Yo nací y morí doscientas veces. El número de decesos y alumbramientos se alojaba en un carné que todos presentábamos a las autoridades. Así se mantuvieron las costumbres familiares y el recuerdo del dolor por la pérdida de este mundo. Pero como simulacro la cosa comenzó a aburrir. Y estuve entre los primeros en rechazar aquel espectáculo de feria donde éramos todos los trapecistas y los magos de un número consabido, de un espejismo de vida y de muerte.

Las risas del nacimiento y los llantos de la tumba se transformaban en alaridos igual de horribles, y las estatuas no-vivas no participaban del juego. Ellas estaban allí, a la vera, paradas en el gesto de coger una flor o decir una mala palabra. Los habitantes de este mundo, que la muerte de la muerte sorprendió en medio de la muerte para dejarlos en ese halo de indefinición. Esas estatuas eran un símbolo de la muerte real ya perdida, eterna, ellas encarnaban el Recuerdo. Mecanismo del carné y los nacimientos y las muertes, rellenos de la no-vida.

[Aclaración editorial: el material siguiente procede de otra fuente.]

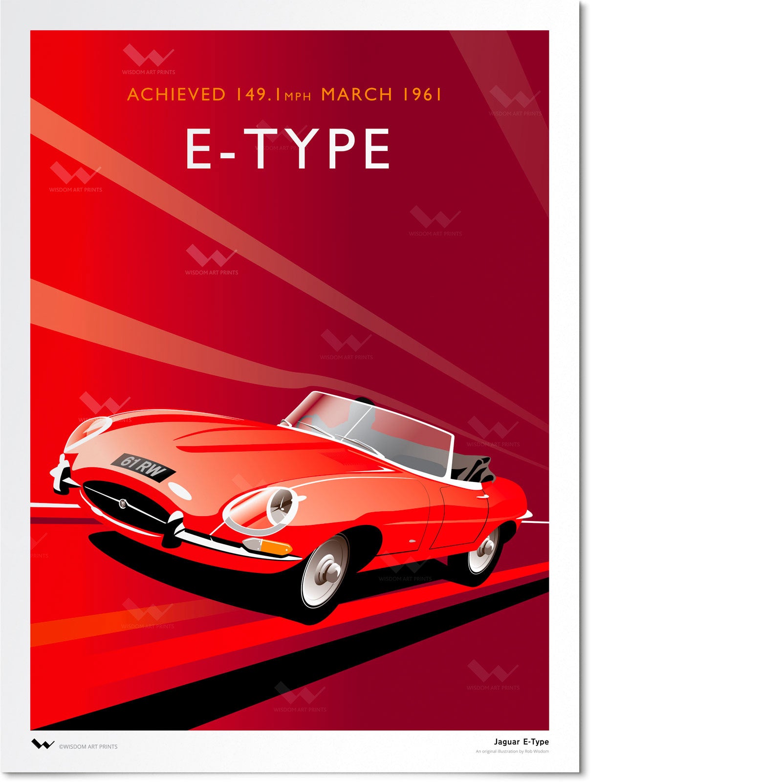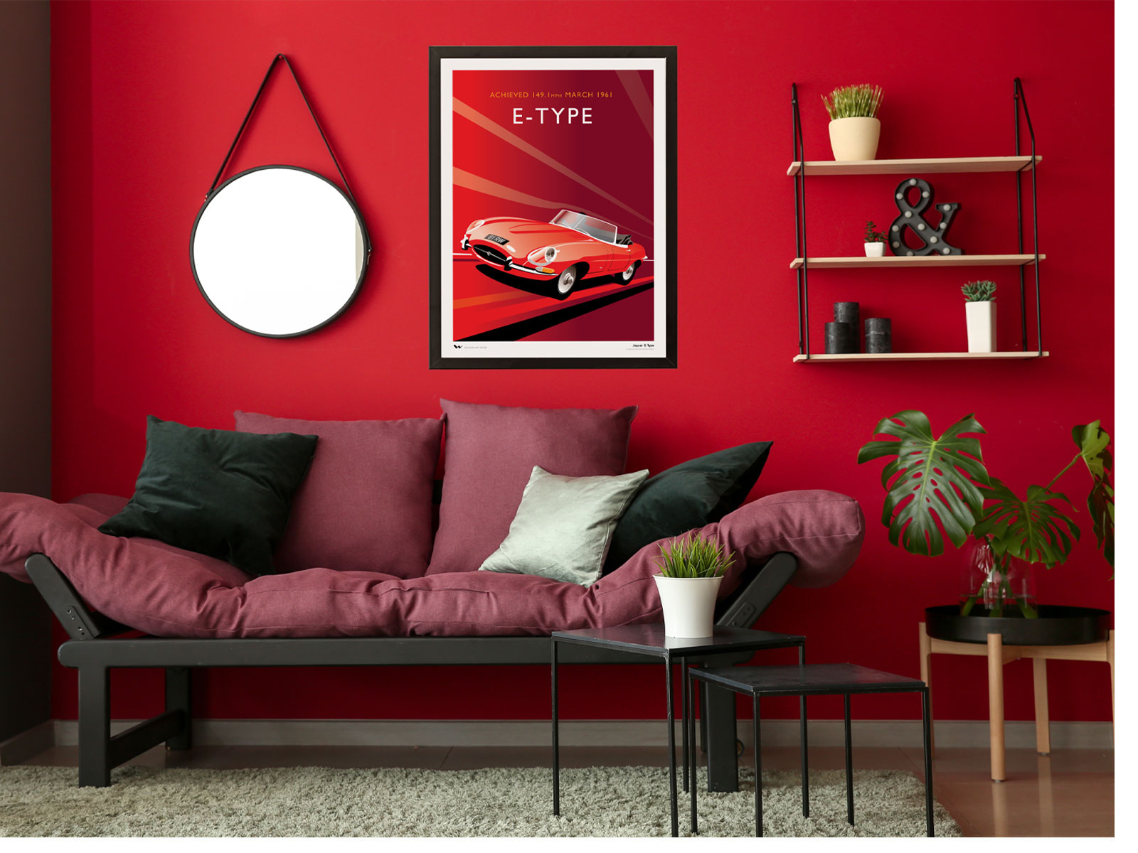 High-quality art print of the Jaguar E-Type, perhaps the most iconic sports car in British automotive history. Introduced in 1961, the E-Type boasted impressive speed (149.1mph) and acceleration (doing 0 to 60 in less than seven seconds) but it is the car's beauty that has truly sealed its iconic status. Indeed, it is rumoured that Enzo Ferrari himself called the E-Type "the most beautiful car ever made." The E-Type would remain in production from 1961 through to 1974, in three series - a total of 18,808 E-Types were produced in all.

El Recuerdo dolía, no llenaba, vaciaba. Huimos del Recuerdo unos pocos caminantes, nos alejamos de aquella feria que era el mundo. Fuimos hacia los montes al resguardo de las ruinas de las metrópolis. Allí practicamos el olvido, asumimos que vida y muerte siempre fueron espejos contrapuestos más que espejismos. Renunciamos a experimentarlas, así fuese de mentiritas. Nos atuvimos al olvido de todo y de todos.

Empresa imposible esta de borrar memorísticamente aquellas vida y muerte físicas, pero camino único para la renuncia al ritual de las costumbres. De modo que ya olvidamos algunas cuestiones formales, por ejemplo hace unos veinte años sabíamos las oraciones a los difuntos y la canción de cumpleaños. Pero con esfuerzo eliminamos esos vestigios. Nuestra empresa contaba con dos oponentes: el resto del mundo que vivía en el tinglado y las estatuas de la no-vida. Aquellos rellenos nos recordaban que el olvido era tan imposible como el recuerdo en un mundo donde la muerte se fue de prisa y para siempre, dejándonos solos.